Mitchell hits out at 'Plebgate' Pc
Former chief whip Andrew Mitchell has insisted the police officer he confronted in Downing Street did not tell the truth about the plebgate row, despite prosecutors finding there was insufficient evidence to bring charges against the constable.
The politician held a press conference this afternoon after it was announced that the gate officer would not face prosecution, although one fellow constable has been charged and he and another four face gross misconduct proceedings over the row.
Mr Mitchell again denied having made any reference to "knowing your place", or using the word "plebs" during the confrontation in September last year.
He said: "Police Constable Toby Rowland who was responsible for writing these toxic phrases into his notebook was not telling the truth."
Mr Mitchell claimed that Scotland Yard's investigation into plebgate cast "grave doubt on the ability of the police to investigate wrongdoing in their own ranks".
He said that the inquiry had "meandered on for more than a year", and caused "huge and unnecessary" public expense.

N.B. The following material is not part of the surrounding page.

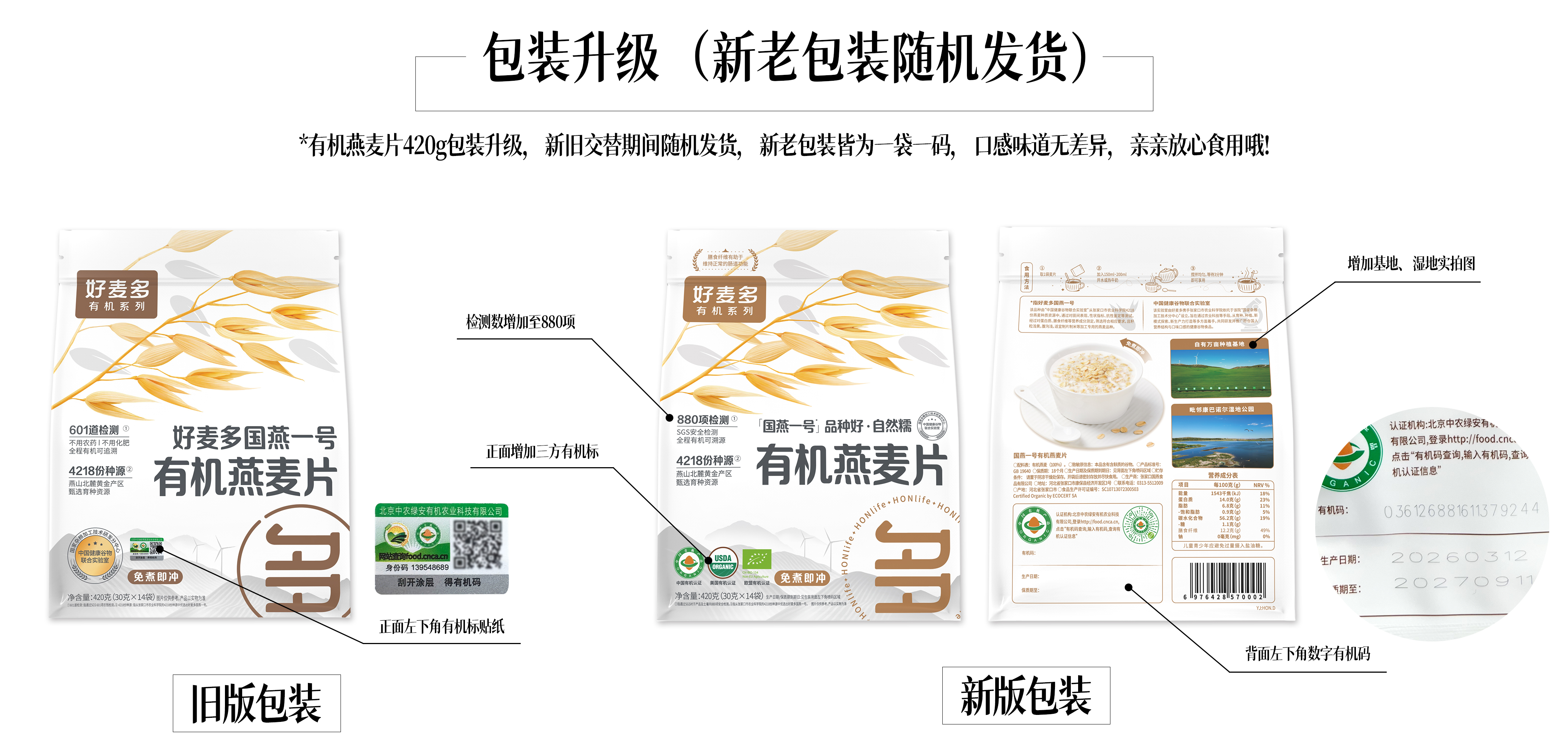 【农科院推荐】好麦多国燕一号有机原味纯燕麦片420g免煮营养早餐

The decision not to focus on Pc Rowland let investigators centre on less important issues, he claimed.
"This has allowed the inquiry to focus on the secondary issues rather than the incendiary fact that armed police officers...have stitched up one of those they are supposed to protect."
Mr Mitchell insisted that he had never changed his account of what had happened, after the CPS claimed that it had varied.
He said: " I have never changed my evidence. It's always been completely clear."
Close political ally David Davis claimed that Pc Rowland would have had to have said 40 words in five seconds if the officer's account was to be believed.
He told journalists: "According to Rowland, 40 words were spoken, excluding the last response from Mitchell, in that last five seconds. Most people speak at two to three words per second. No one speaks at eight words per second."
Stephen Parkinson, Mr Mitchell's lawyer, said that he believes Pc Rowland should have faced prosecution.
He said: "Early on the police decided that Pc Rowland was telling the truth. I have seen no evidence that they have tested this hypothesis at all. They delayed instructing an expert for a year and even now have not instructed an expert to establish whether the words spoken could have been heard from the street.
"They attached undue weight to the passing presence of the two women who witnessed nothing. They did not interview Pc Rowland under criminal caution.They spent an enormous amount of resources interviewing witnesses who can have had nothing to contribute.
"An opportunity to restore trust in the police has been missed."